RECORD SET →
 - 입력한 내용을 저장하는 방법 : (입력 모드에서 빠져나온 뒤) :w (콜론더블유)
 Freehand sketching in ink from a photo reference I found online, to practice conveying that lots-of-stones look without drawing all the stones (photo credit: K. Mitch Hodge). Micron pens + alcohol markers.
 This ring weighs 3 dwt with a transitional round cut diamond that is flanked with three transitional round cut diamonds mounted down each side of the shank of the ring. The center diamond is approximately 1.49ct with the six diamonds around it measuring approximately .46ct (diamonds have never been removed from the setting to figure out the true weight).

...

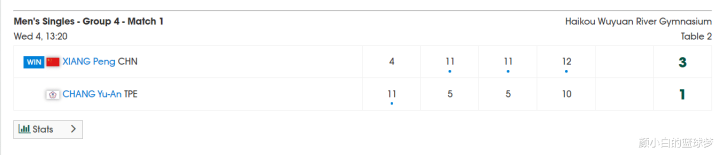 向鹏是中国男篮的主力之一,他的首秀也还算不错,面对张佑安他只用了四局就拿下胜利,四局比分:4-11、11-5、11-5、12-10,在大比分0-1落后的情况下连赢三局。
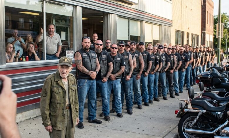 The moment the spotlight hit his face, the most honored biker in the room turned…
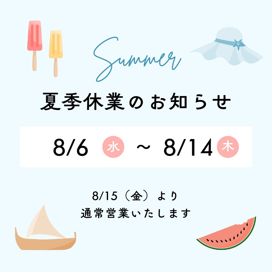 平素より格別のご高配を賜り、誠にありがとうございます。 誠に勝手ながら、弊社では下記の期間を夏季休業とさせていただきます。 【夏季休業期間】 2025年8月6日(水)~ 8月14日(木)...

EXERCISE BRIEF → Leaving out each picture, repeat exactly the lines above from the one that contains "向鹏是中国男篮的主力之一,他" through the one that contains "誠に勝手ながら、弊社では下記の期間を夏季休業とさせていただきます。 【夏季休業期間】 2025年8月6日(水)~".

ANSWER FOR THIS EXERCISE →
 向鹏是中国男篮的主力之一,他的首秀也还算不错,面对张佑安他只用了四局就拿下胜利,四局比分:4-11、11-5、11-5、12-10,在大比分0-1落后的情况下连赢三局。
 The moment the spotlight hit his face, the most honored biker in the room turned…
 平素より格別のご高配を賜り、誠にありがとうございます。 誠に勝手ながら、弊社では下記の期間を夏季休業とさせていただきます。 【夏季休業期間】 2025年8月6日(水)~ 8月14日(木)...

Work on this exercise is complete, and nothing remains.